**Exercise brief**
Print the records below exactly as they appear.

Source records
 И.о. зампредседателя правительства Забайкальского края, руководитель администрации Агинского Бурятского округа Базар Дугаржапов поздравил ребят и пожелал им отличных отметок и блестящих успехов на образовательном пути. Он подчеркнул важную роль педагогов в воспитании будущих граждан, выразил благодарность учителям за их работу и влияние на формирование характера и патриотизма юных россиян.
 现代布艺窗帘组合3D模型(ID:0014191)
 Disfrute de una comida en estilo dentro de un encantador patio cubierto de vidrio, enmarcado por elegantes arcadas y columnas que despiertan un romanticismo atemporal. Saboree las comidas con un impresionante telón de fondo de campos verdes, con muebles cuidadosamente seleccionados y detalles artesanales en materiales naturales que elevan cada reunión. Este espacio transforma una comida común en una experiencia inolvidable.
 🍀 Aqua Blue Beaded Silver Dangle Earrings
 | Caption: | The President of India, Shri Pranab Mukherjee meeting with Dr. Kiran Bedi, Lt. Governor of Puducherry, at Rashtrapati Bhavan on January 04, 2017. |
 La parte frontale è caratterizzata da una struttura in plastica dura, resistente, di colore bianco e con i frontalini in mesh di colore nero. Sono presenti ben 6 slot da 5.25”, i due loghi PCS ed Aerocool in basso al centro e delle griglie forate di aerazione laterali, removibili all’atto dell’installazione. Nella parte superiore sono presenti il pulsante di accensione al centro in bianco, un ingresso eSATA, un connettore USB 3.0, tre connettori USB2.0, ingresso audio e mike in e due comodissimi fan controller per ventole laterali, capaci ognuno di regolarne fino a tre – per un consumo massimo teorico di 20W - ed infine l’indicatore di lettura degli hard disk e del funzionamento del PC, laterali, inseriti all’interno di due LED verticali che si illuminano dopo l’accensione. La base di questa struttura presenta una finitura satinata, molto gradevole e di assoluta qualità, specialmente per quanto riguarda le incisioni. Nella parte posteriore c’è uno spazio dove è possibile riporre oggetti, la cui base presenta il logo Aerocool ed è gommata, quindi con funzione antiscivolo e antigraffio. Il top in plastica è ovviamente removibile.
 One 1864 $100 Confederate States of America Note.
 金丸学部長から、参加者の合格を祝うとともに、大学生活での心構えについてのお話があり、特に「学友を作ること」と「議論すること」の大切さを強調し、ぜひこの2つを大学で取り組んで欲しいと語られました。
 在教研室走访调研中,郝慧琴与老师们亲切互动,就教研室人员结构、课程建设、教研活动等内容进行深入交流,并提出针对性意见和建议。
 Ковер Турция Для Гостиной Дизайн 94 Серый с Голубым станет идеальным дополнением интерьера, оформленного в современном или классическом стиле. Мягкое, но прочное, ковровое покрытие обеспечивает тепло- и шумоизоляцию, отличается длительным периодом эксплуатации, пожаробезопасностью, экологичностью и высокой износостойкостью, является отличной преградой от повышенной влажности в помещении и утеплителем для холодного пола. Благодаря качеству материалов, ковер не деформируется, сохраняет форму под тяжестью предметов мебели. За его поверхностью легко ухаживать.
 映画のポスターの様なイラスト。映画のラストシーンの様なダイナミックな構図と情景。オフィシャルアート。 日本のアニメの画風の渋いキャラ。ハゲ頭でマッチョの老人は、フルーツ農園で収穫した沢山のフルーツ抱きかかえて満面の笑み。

**Output of the task**
 И.о. зампредседателя правительства Забайкальского края, руководитель администрации Агинского Бурятского округа Базар Дугаржапов поздравил ребят и пожелал им отличных отметок и блестящих успехов на образовательном пути. Он подчеркнул важную роль педагогов в воспитании будущих граждан, выразил благодарность учителям за их работу и влияние на формирование характера и патриотизма юных россиян.
 现代布艺窗帘组合3D模型(ID:0014191)
 Disfrute de una comida en estilo dentro de un encantador patio cubierto de vidrio, enmarcado por elegantes arcadas y columnas que despiertan un romanticismo atemporal. Saboree las comidas con un impresionante telón de fondo de campos verdes, con muebles cuidadosamente seleccionados y detalles artesanales en materiales naturales que elevan cada reunión. Este espacio transforma una comida común en una experiencia inolvidable.
 🍀 Aqua Blue Beaded Silver Dangle Earrings
 | Caption: | The President of India, Shri Pranab Mukherjee meeting with Dr. Kiran Bedi, Lt. Governor of Puducherry, at Rashtrapati Bhavan on January 04, 2017. |
 La parte frontale è caratterizzata da una struttura in plastica dura, resistente, di colore bianco e con i frontalini in mesh di colore nero. Sono presenti ben 6 slot da 5.25”, i due loghi PCS ed Aerocool in basso al centro e delle griglie forate di aerazione laterali, removibili all’atto dell’installazione. Nella parte superiore sono presenti il pulsante di accensione al centro in bianco, un ingresso eSATA, un connettore USB 3.0, tre connettori USB2.0, ingresso audio e mike in e due comodissimi fan controller per ventole laterali, capaci ognuno di regolarne fino a tre – per un consumo massimo teorico di 20W - ed infine l’indicatore di lettura degli hard disk e del funzionamento del PC, laterali, inseriti all’interno di due LED verticali che si illuminano dopo l’accensione. La base di questa struttura presenta una finitura satinata, molto gradevole e di assoluta qualità, specialmente per quanto riguarda le incisioni. Nella parte posteriore c’è uno spazio dove è possibile riporre oggetti, la cui base presenta il logo Aerocool ed è gommata, quindi con funzione antiscivolo e antigraffio. Il top in plastica è ovviamente removibile.
 One 1864 $100 Confederate States of America Note.
 金丸学部長から、参加者の合格を祝うとともに、大学生活での心構えについてのお話があり、特に「学友を作ること」と「議論すること」の大切さを強調し、ぜひこの2つを大学で取り組んで欲しいと語られました。
 在教研室走访调研中,郝慧琴与老师们亲切互动,就教研室人员结构、课程建设、教研活动等内容进行深入交流,并提出针对性意见和建议。
 Ковер Турция Для Гостиной Дизайн 94 Серый с Голубым станет идеальным дополнением интерьера, оформленного в современном или классическом стиле. Мягкое, но прочное, ковровое покрытие обеспечивает тепло- и шумоизоляцию, отличается длительным периодом эксплуатации, пожаробезопасностью, экологичностью и высокой износостойкостью, является отличной преградой от повышенной влажности в помещении и утеплителем для холодного пола. Благодаря качеству материалов, ковер не деформируется, сохраняет форму под тяжестью предметов мебели. За его поверхностью легко ухаживать.
 映画のポスターの様なイラスト。映画のラストシーンの様なダイナミックな構図と情景。オフィシャルアート。 日本のアニメの画風の渋いキャラ。ハゲ頭でマッチョの老人は、フルーツ農園で収穫した沢山のフルーツ抱きかかえて満面の笑み。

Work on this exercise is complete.